**Activity:** What you write must match, character for character, the lines from the one with "27 августа в" down to the one with "stabiler Sockel, ein" in the listing below, minus its pictures.

**Provided information:**
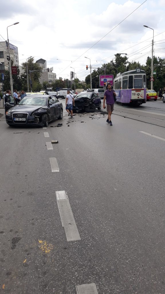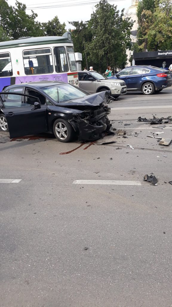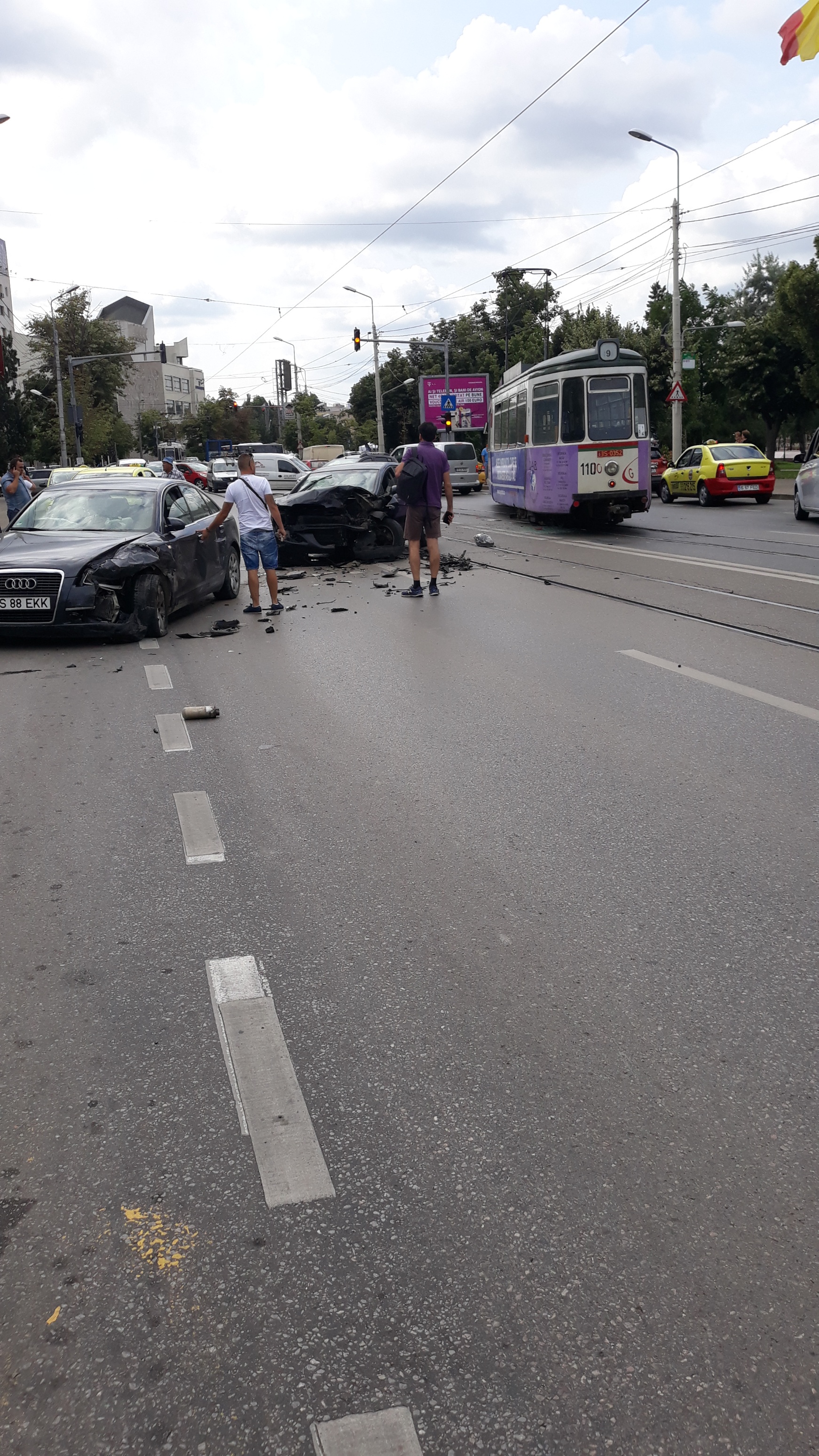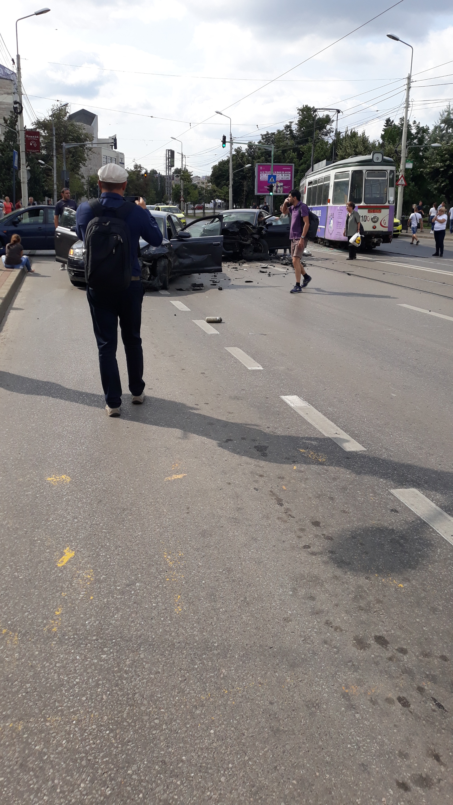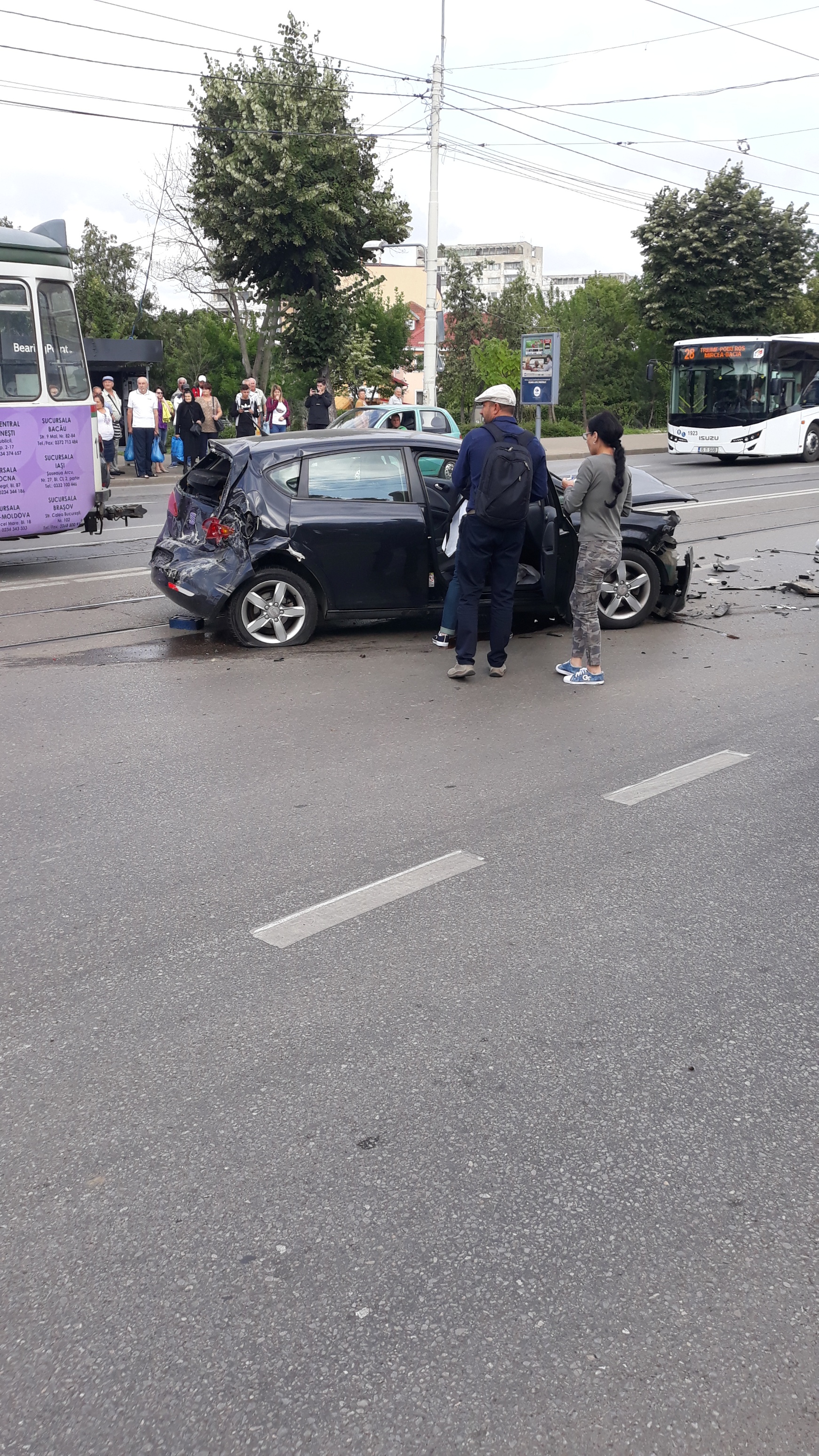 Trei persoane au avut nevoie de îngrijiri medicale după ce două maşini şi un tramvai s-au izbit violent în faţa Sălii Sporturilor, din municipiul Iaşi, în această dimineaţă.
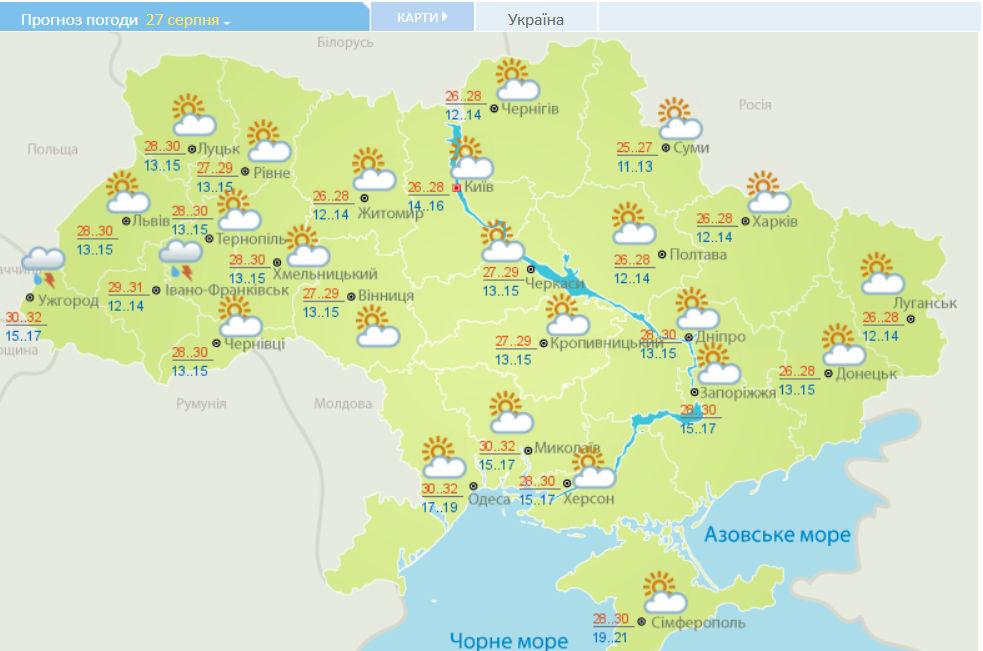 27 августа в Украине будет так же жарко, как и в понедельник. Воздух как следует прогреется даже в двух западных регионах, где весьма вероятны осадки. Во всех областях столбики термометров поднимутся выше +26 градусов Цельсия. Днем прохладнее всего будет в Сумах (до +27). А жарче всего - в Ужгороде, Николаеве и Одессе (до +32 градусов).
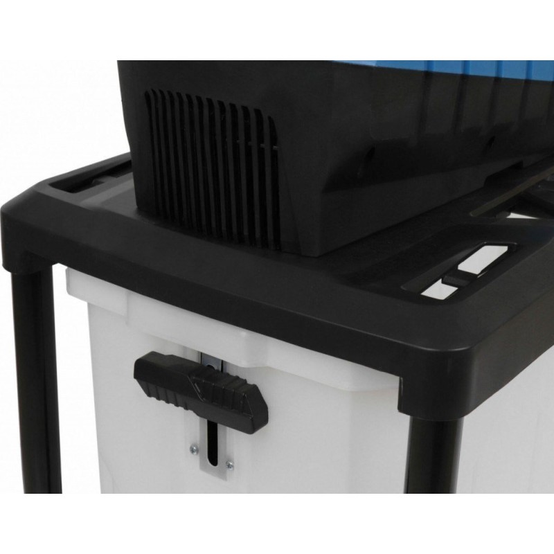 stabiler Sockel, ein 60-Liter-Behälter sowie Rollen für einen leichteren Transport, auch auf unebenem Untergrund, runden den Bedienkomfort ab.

...

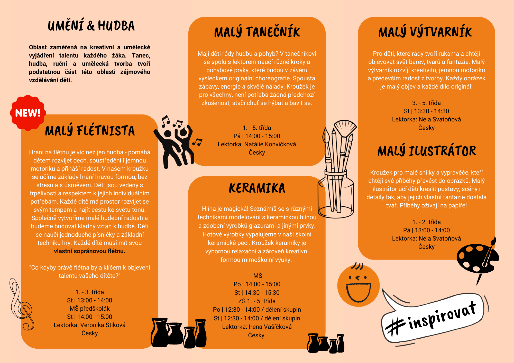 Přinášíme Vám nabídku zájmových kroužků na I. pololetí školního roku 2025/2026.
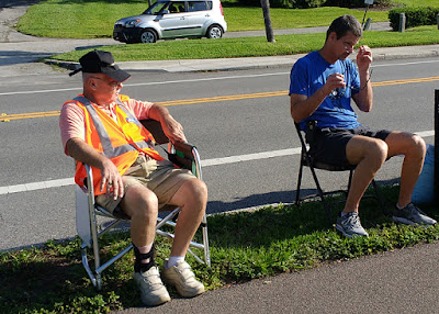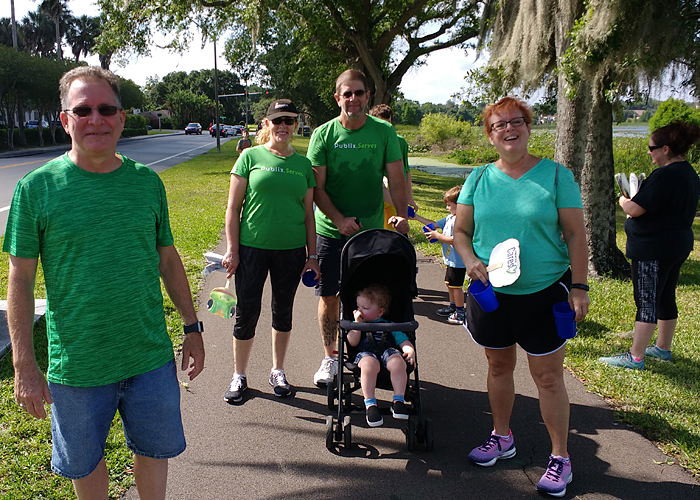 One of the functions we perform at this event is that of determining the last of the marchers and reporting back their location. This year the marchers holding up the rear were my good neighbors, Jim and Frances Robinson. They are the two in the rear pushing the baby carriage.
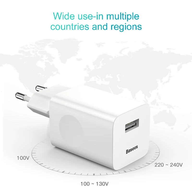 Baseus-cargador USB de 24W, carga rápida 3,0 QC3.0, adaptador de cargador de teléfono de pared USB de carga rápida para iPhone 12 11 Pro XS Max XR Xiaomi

**Exercise result:**
 27 августа в Украине будет так же жарко, как и в понедельник. Воздух как следует прогреется даже в двух западных регионах, где весьма вероятны осадки. Во всех областях столбики термометров поднимутся выше +26 градусов Цельсия. Днем прохладнее всего будет в Сумах (до +27). А жарче всего - в Ужгороде, Николаеве и Одессе (до +32 градусов).
 stabiler Sockel, ein 60-Liter-Behälter sowie Rollen für einen leichteren Transport, auch auf unebenem Untergrund, runden den Bedienkomfort ab.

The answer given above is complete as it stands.